Profaning Mammon

Another great quote from Hughes:

Theologian Jacques Ellul says that the only way to defeat the godlike power that money seeks to impose on our lives is to give it away, which he calls profaning it: “To profane money, like all other powers, is to take away its sacred character.” This destroys its power over us. “Giving to God is the act of profanation par excellence,” says Ellul. Every time I give, I declare that money does not control me. Perpetual generosity is a perpetual de-deification of money. – R. Kent Hughes, Set Apart, 33.

This is brilliant to me. When we turn money into a false god, an idol, in order to break its hold over us we must desecrate it. In 2 Kings 23:6 Hilkiah the high priest under Josiah’s command removed the Asherah from the temple, burned it at Kidron (a place that had become increasingly unclean) and then scattered the ashes in a grave yard. This didn’t defile the grave yard, it defiled the ashes. This was desecrating the false god.

Os Guinness has some great advice on recognizing idols in our hearts:

This is the ultimate moral challenge–that hope rests in complete and excuse-free dependence on God and His forgiving grace, plus nothing. The forgiveness is joyfully offered to us through Christ.

An idol is something within creation that is inflated to function as a substitute for God. All sorts of things are potential idols, depending only on our attitudes and actions toward them. If this is so, how do we determine when something is becoming or has become an idol? — Os Guinness, No God but God, 32

In other words, when there is something other than God that we run to to find comfort, to feel better about things, something we seek to “make it alright” and that is not God revealed in Jesus Christ, we may have created an idol. Guinness goes on to explain that this can be all kinds of things, even godly things.
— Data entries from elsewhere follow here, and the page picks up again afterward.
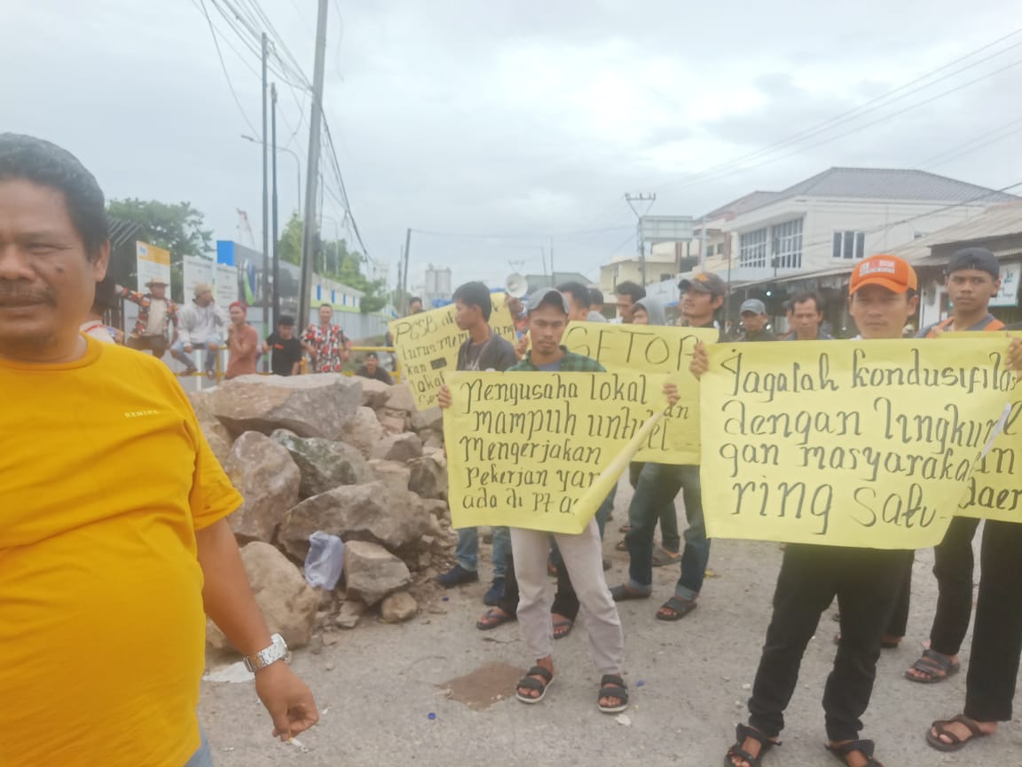 Tak ayal, akibatnya masyarakat Kelurahan Gunung Sugih bersama pengusaha lokal mengadakan aksi demo dan menutup akses pintu jalan PT. Asahimas Chemical dengan batu .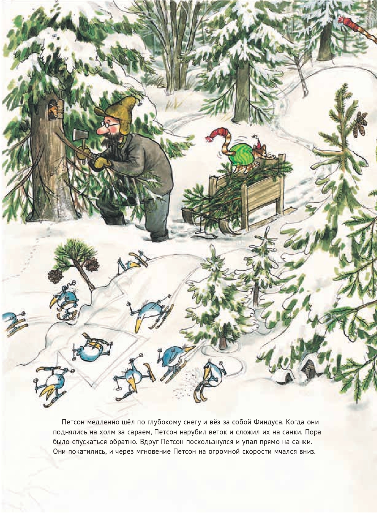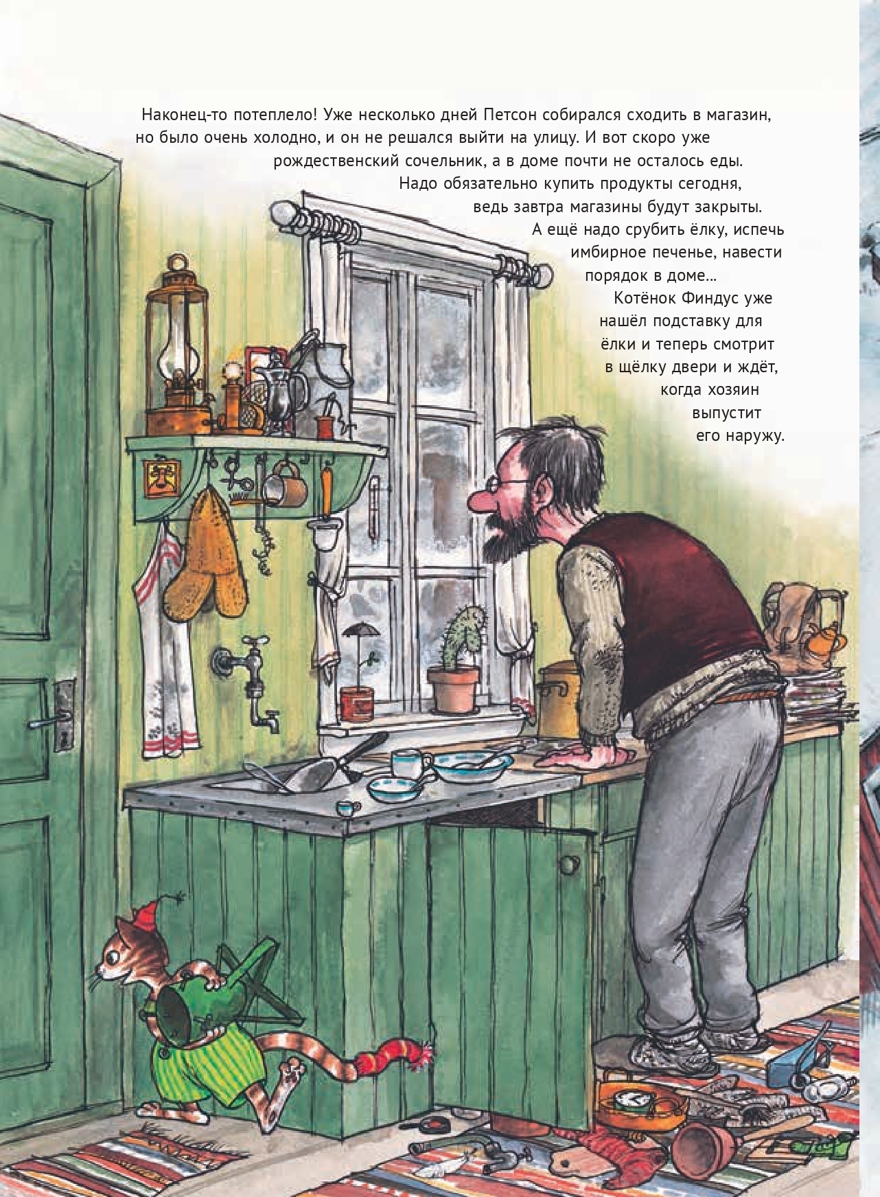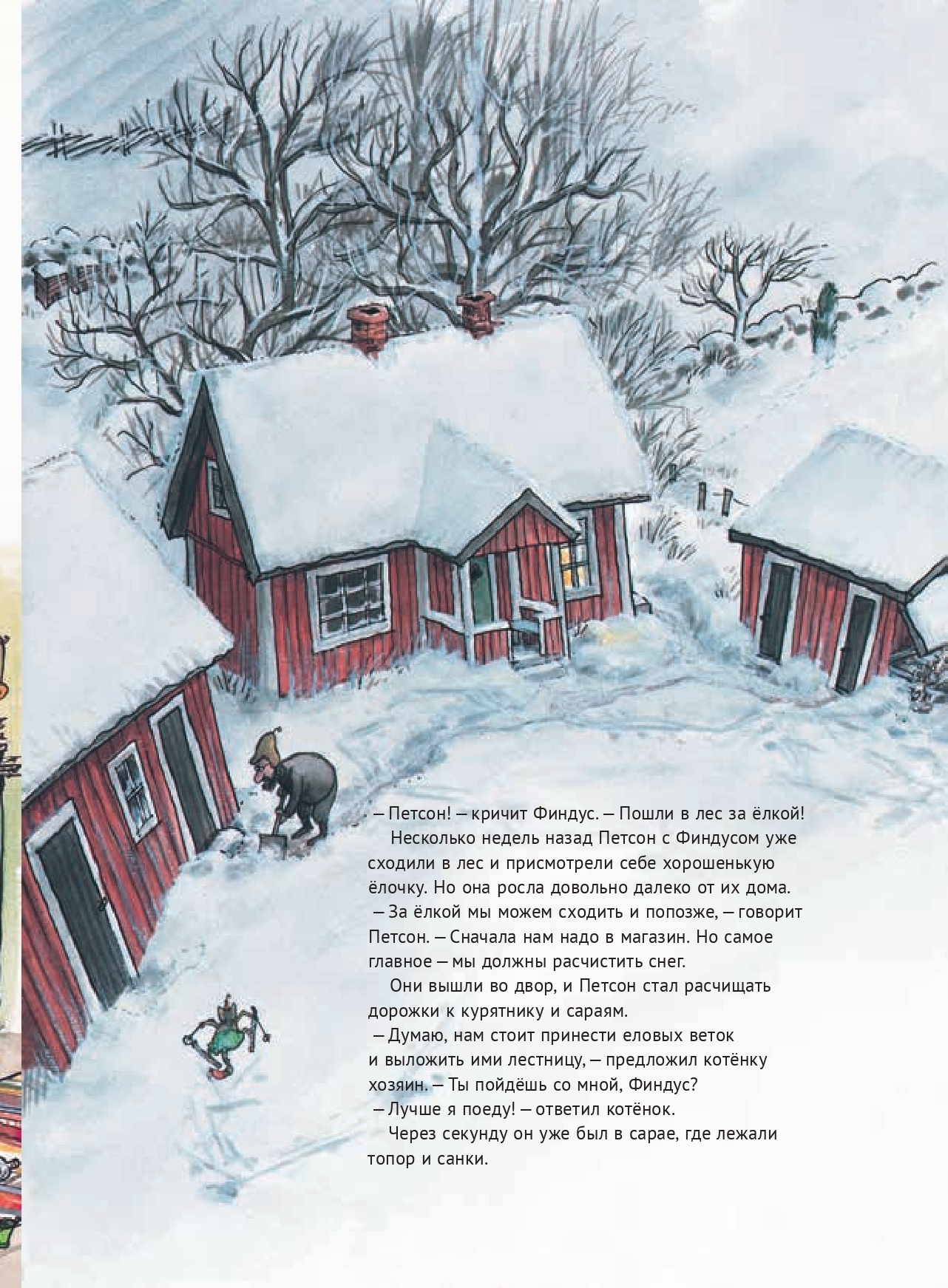 Близится Рождество, а у Петсона еще ничего не готово к празднику. Надо успеть сходить в магазин, пока он не закрылся, а еще нужно нарубить дров и принести из леса елку. Но в лесу Петсон подворачивает ногу — и ходить больше не может. Его котенок Финдус в ужасе и расстройстве: Рождество и Новый год без елки, без угощения без подарков? Как такое может быть? Но о беде, случившейся с Петсоном, узнали соседи. И вот кто-то ему нарубил целый сарай дров, кто-то принес ветчины, а кто-то помог Финдусу нарядить елку. Удивительное Рождество получилось у Петсона с Финдусом в этом году!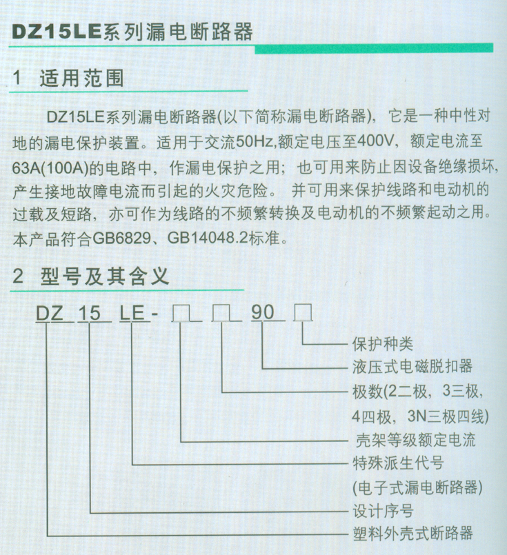 DZ15LE系列漏电断路器
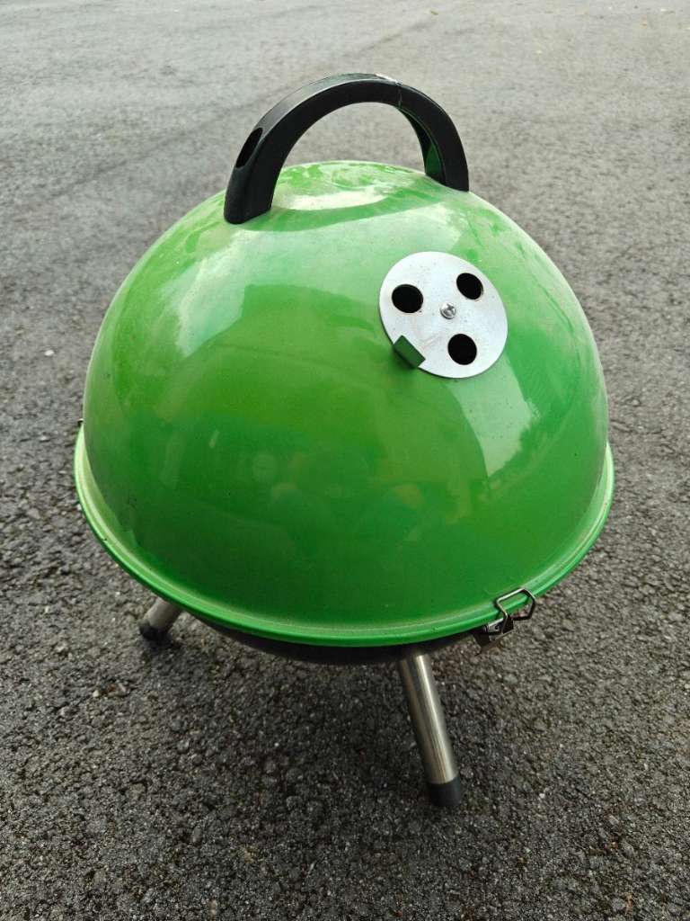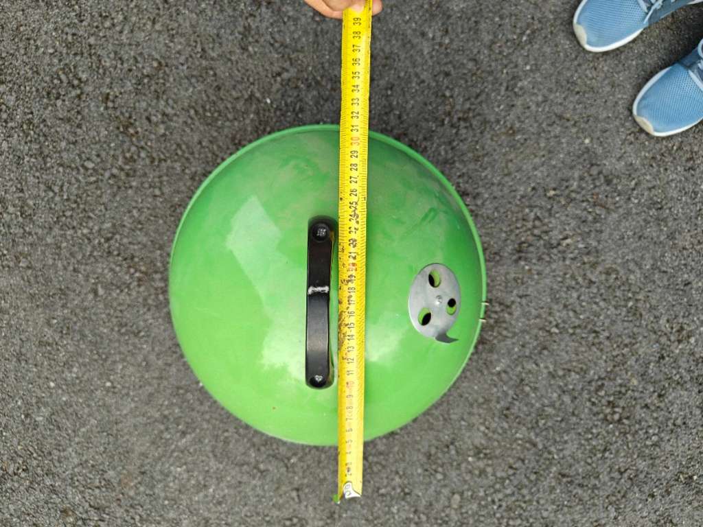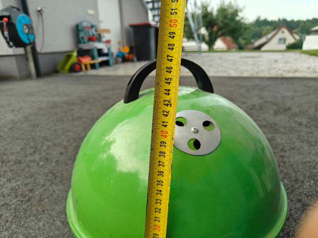 Kleiner grüner Kugelgrill für Holzkohle lt. Bilder zu verschenken Durchmesser ca. 35cm. Griff wurde geklebt, ansonsten funktioniert er.

He lists the obvious ones of money, power and sex and some that are less than obvious like family and evangelism! The human heart is an idol factory that we must be leery of.

So how do we do that with mammon? Do we just burn our money and head to the cemetery? No, that is foolish. Besides, it fails to address the heart issue of desiring money. If we take it away and put nothing in its place, the hole grows bigger and hungrier. “Do not suppose that abuses are eliminated by destroying the object which is abused. Men can go wrong with wine and women. Shall we then prohibit and abolish women?” – Martin Luther.

We need to follow Ellul’s advice and counter money’s grip on us. By giving it to the Lord, we begin to replace that false joy money offered with a real joy. It isn’t instantaneous nor is it easy. But by desecrating the idol in our hearts and erecting an altar to the Lord, we stand a better chance of being free.